## Your assignment
Your output should be the lines from the one with "Tuta dai volumi" through the last line of the records below, exactly as written, minus the pictures.

Entries taken from a collection:
━━━━━━━━━━━━━━━━━━━━
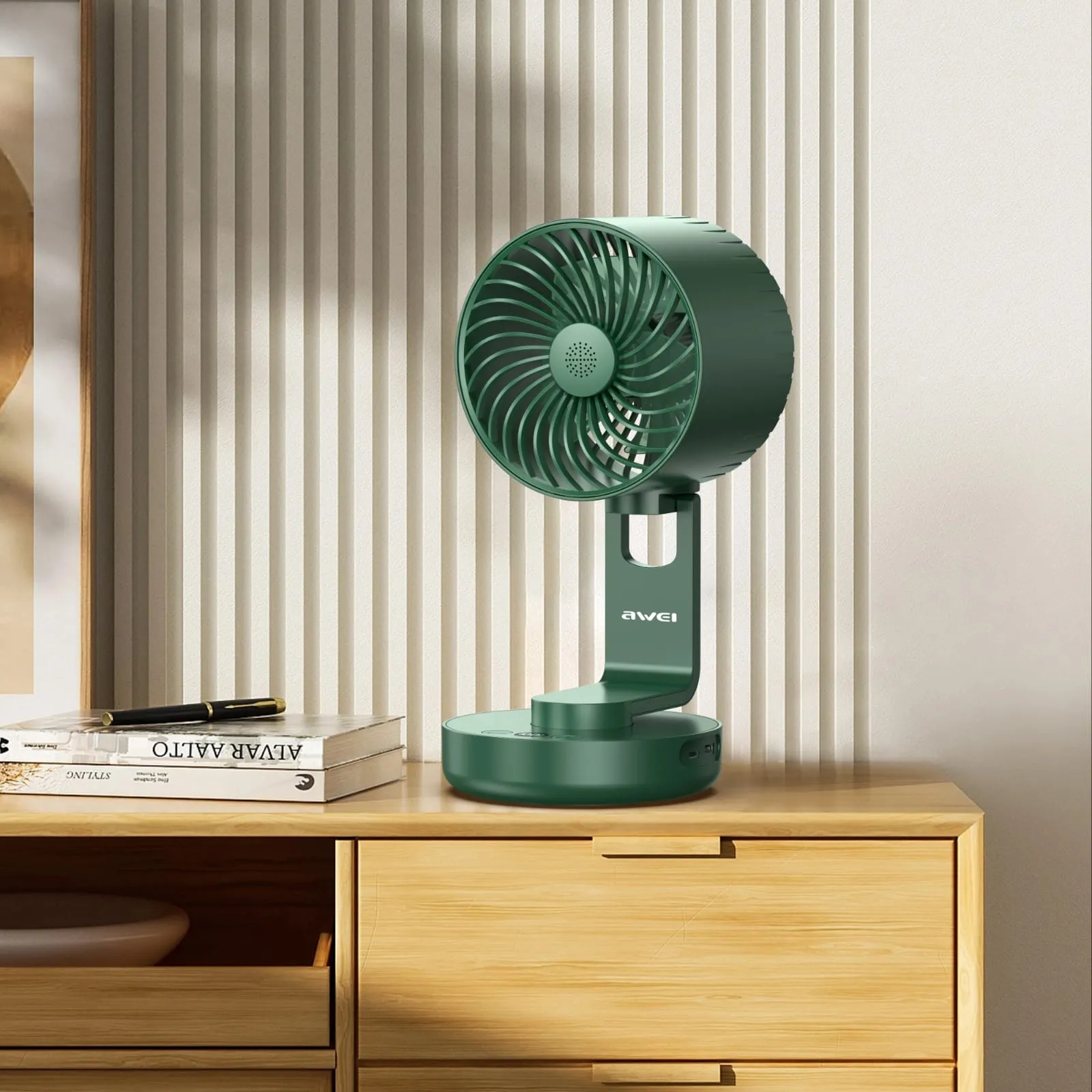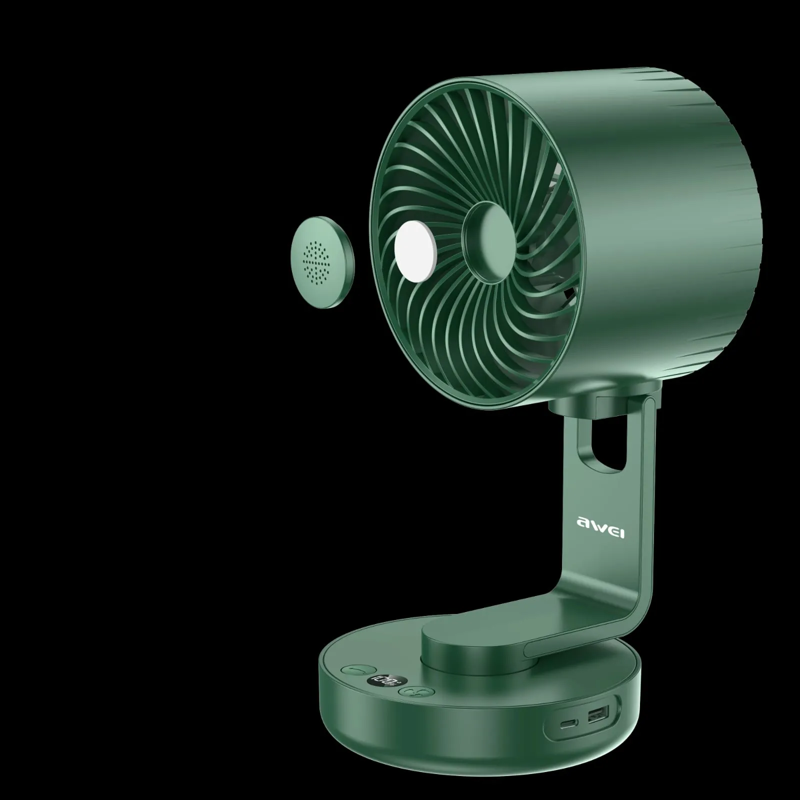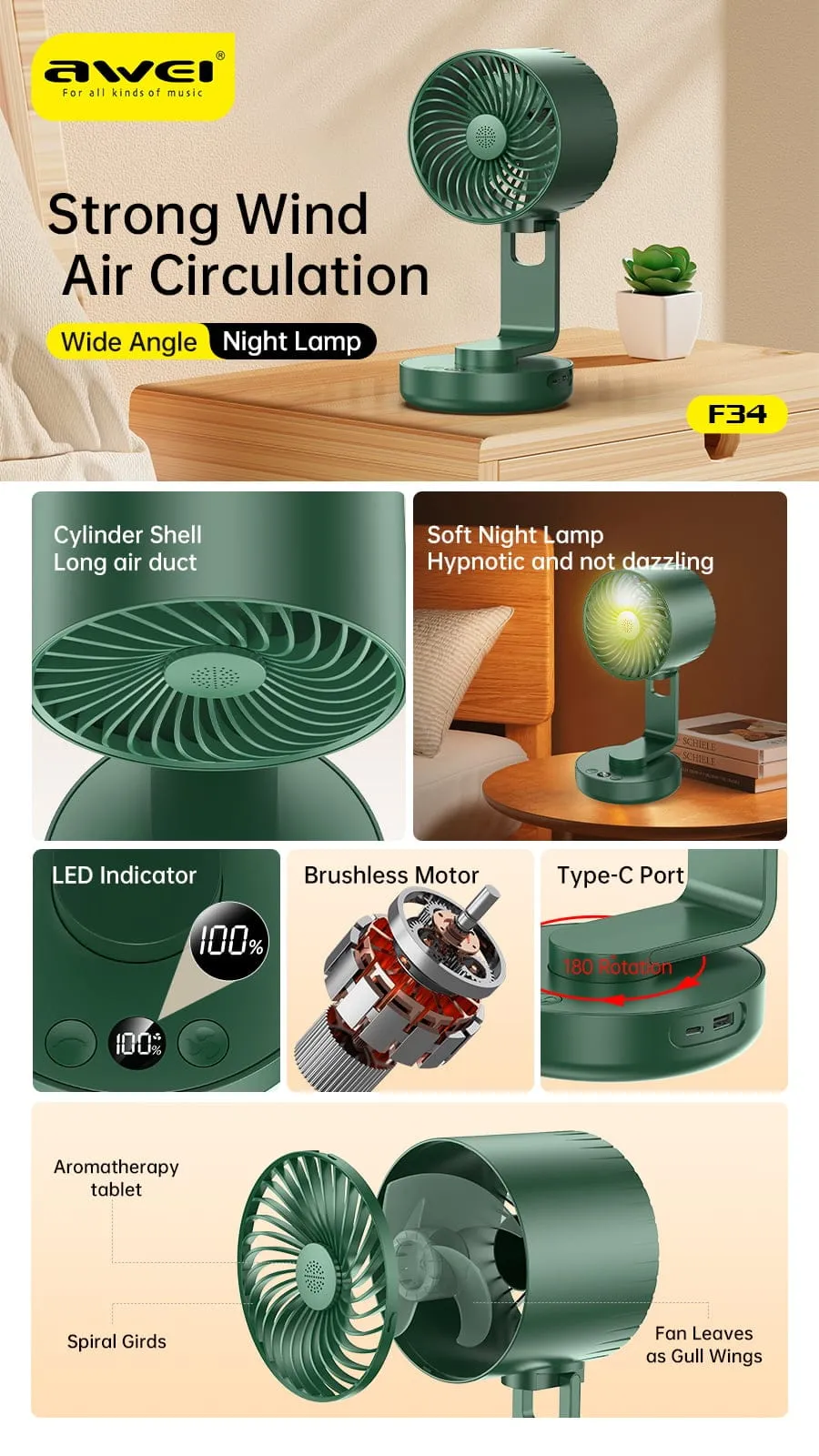 The Awei F34 Air Circulation Wide Angle Fan is a flexible and attractive cooling solution that improves both comfort and ambiance. Its distinctive cylinder shell holds a large air duct, resulting in wide-angle airflow that effectively circulates air around the room. The F34 fan has gull-wing-shaped fan blades that increase air flow while operating quietly owing to the energy-efficient brushless motor. This strong but silent motor provides a smooth, whisper-quiet performance that is ideal for any setting, whether at home or in the workplace. One of the most notable aspects of the Awei F34 is its soft night lighting, which generates a mild, hypnotic light that is easy on the eyes and ideal for creating a peaceful ambiance during the night without being too bright. The F34 fan also features an LED indication, which adds a modern touch and makes it simple to check settings. The Awei F34 fan has an aromatherapy tablet slot, allowing users to fill their surroundings with relaxing smells while enjoying the cooling wind. The Awei F34 fan is powered via a handy Type-C connector, which makes it compatible with contemporary charging devices and simple to recharge. With its elegant design, multi-functional functions, and wide-angle airflow, the Awei F34 not only cools the air but also adds soft lighting and aromatherapy to your living environment. It is an ideal balance of design, comfort, and functionality.
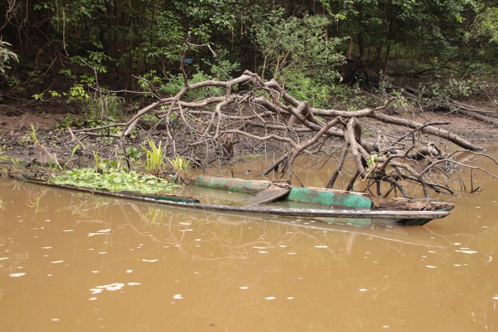 Iquitos è l’unica località dotata di aeroporto nella regione amazzonica peruviana, punto di accesso alla foresta. La città è viva e rumorosa di motorini con cassone che trafficano le strade non asfaltate e sembrano sciami di api quando scatta il verde di un semaforo. Come tutte le città peruviane ha una Plaza de Armas e un mercato in cui si vendono verdura, frutta, carne e pesce di fiume. Il porto – niente a che vedere con l’immagine del porto che ci salta subito alla mente – è un luogo sulla riva del fiume con imbarcazioni in legno e qualche bancarella flottante di snack, acqua, Coca Cola e Inka Cola, costituito di impalcature traballanti e spartane in legno, di dubbia resistenza. Attraversiamo in barca il Rio per raggiungere il remoto lodge. Vediamo i primi uccelli volare da un lato all’altro del fiume. All’arrivo ci debilita la temperatura alta e umida, un po’ a causa della provenienza dai dintorni montani di Cusco e tornati nella capitale d’inverno. Nel Perù gli inverni sono secchi e soleggiati seppur freddi. Stagione particolarmente consigliata per la vista di questo paese, soprattutto per le aree andine, in quanto si riduce il rischio piogge. Mentre nella zona amazzonica siamo invece in estate, perché la regione di Iquitos si colloca nella fascia equatoriale del globo. I tratti somatici delle persone, di statura bassa e pelle scura, con fisico asciutto, ricordano vagamente quelli asiatici, tra i miei viaggi, già visti nelle Filippine. Differenti dalle espressioni e la costituzione di uomini delle Ande incontrati in precedenza in questo viaggio. L’estate corrisponde alla cosiddetta stagione bassa, quando le acque del fiume si ritirano e nella regione “inondabile” (in cui si trova il nostro lodge) permette camminamenti e passeggiate all’interno delle radure e delle lagune. Nell’estate peruviana in Amazzonia sarà inverno, che corrisponde alla stagione alta, quella delle piogge, quando si innalza il livello delle acque del fiume e dei suoi affluenti per l’intensità e la frequenza delle piogge. In questa stagione le escursioni vengono fatte esclusivamente in barca. Il colore marrone dell’acqua è dovuto alla decomposizione del legno, tingendola di tannino. Sugli alberi e sulle rive si nota ancora l’altezza raggiunta dall’acqua nei periodi di piena. Molta vegetazione è sommersa e là sotto alla nostra barca c’è un mondo che non conosciamo, offuscato dai colori scuri in superficie.
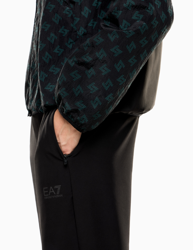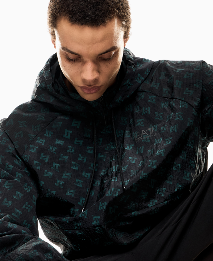 Tuta dai volumi confortevoli e caratterizzata dalla stampa di collezione, composta da una felpa con zip e pantaloni jogger. Il modello è realizzato nell'innovativo tessuto VENTUS7: una speciale tecnologia pensata per garantire un'ottima regolazione del calore corporeo e, grazie al taglio ergonomico, per massimizzare la libertà di movimento. Vestibilità regolare. Brand Ea7
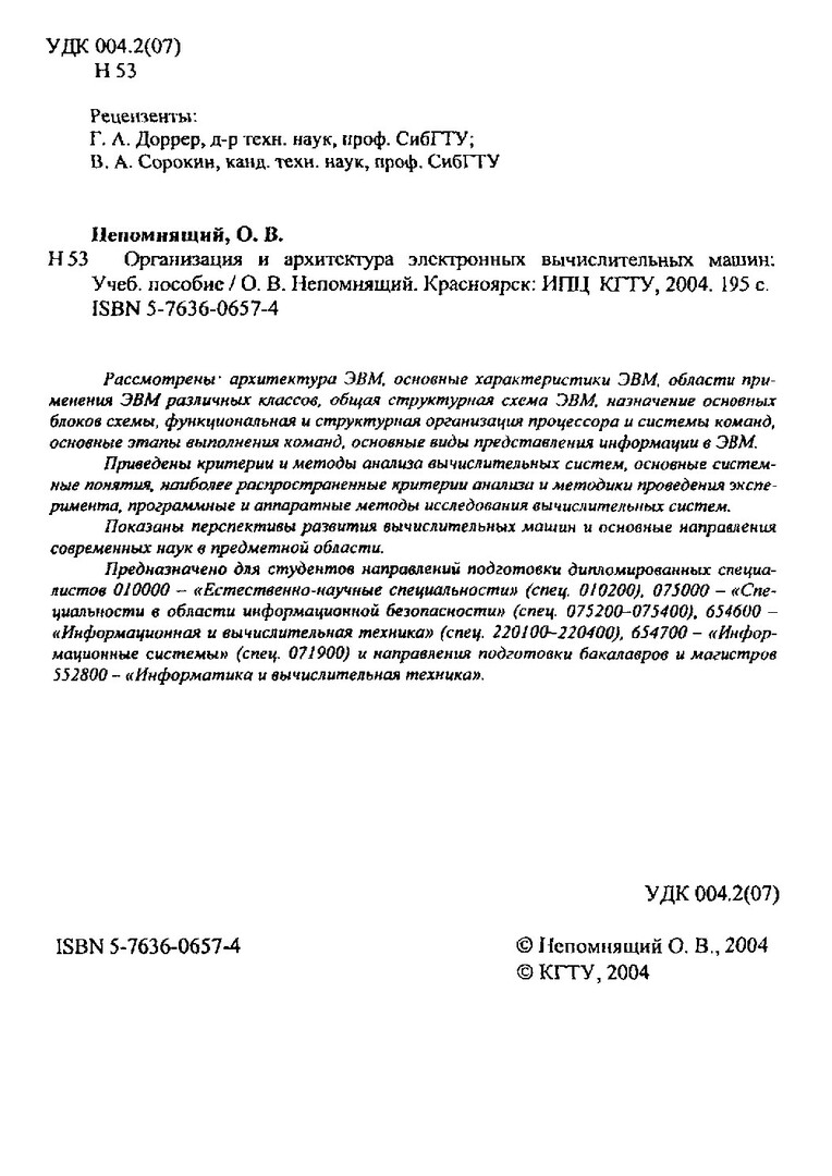 Библиографическое описание: Непомнящий, Олег Владимирович. Организация и архитектура электронных вычислительных машин : учебное пособие / О. В. Непомнящий ; Краснояр. гос. техн. ун-т. - Красноярск : ИПЦ КГТУ, 2004. - 195 с. - Библиогр.: с. 192. - ISBN 5-7636-0657-4 : 33.90 р. - Текст : непосредственный + Текст : электронный.
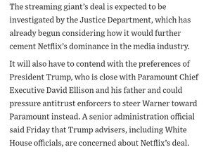 Netflix, anlaşmanın gerçekleşeceğinden o kadar emindi ki, eğer engellenerse Warners'a 5 milyar dolar ödemeyi kabul etti, bu yüzden Savunma Bakanlığı çok eğlenceli bir şey yapma fırsatına sahip. (WSJ'den haber)
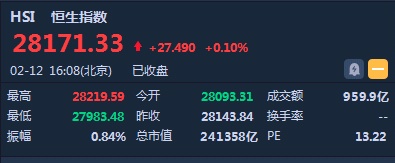 智通财经APP获悉,恒指早盘低开0.18%,报28093.31点。截至收盘,恒生指数涨27.49点或0.1%,报28171.33点,全日成交额达959.89亿。国企指数涨0.25%,报11044.65点,红筹指数涨0.25%,报4408.29点。
━━━━━━━━━━━━━━━━━━━━
## Reply
 Tuta dai volumi confortevoli e caratterizzata dalla stampa di collezione, composta da una felpa con zip e pantaloni jogger. Il modello è realizzato nell'innovativo tessuto VENTUS7: una speciale tecnologia pensata per garantire un'ottima regolazione del calore corporeo e, grazie al taglio ergonomico, per massimizzare la libertà di movimento. Vestibilità regolare. Brand Ea7
 Библиографическое описание: Непомнящий, Олег Владимирович. Организация и архитектура электронных вычислительных машин : учебное пособие / О. В. Непомнящий ; Краснояр. гос. техн. ун-т. - Красноярск : ИПЦ КГТУ, 2004. - 195 с. - Библиогр.: с. 192. - ISBN 5-7636-0657-4 : 33.90 р. - Текст : непосредственный + Текст : электронный.
 Netflix, anlaşmanın gerçekleşeceğinden o kadar emindi ki, eğer engellenerse Warners'a 5 milyar dolar ödemeyi kabul etti, bu yüzden Savunma Bakanlığı çok eğlenceli bir şey yapma fırsatına sahip. (WSJ'den haber)
 智通财经APP获悉,恒指早盘低开0.18%,报28093.31点。截至收盘,恒生指数涨27.49点或0.1%,报28171.33点,全日成交额达959.89亿。国企指数涨0.25%,报11044.65点,红筹指数涨0.25%,报4408.29点。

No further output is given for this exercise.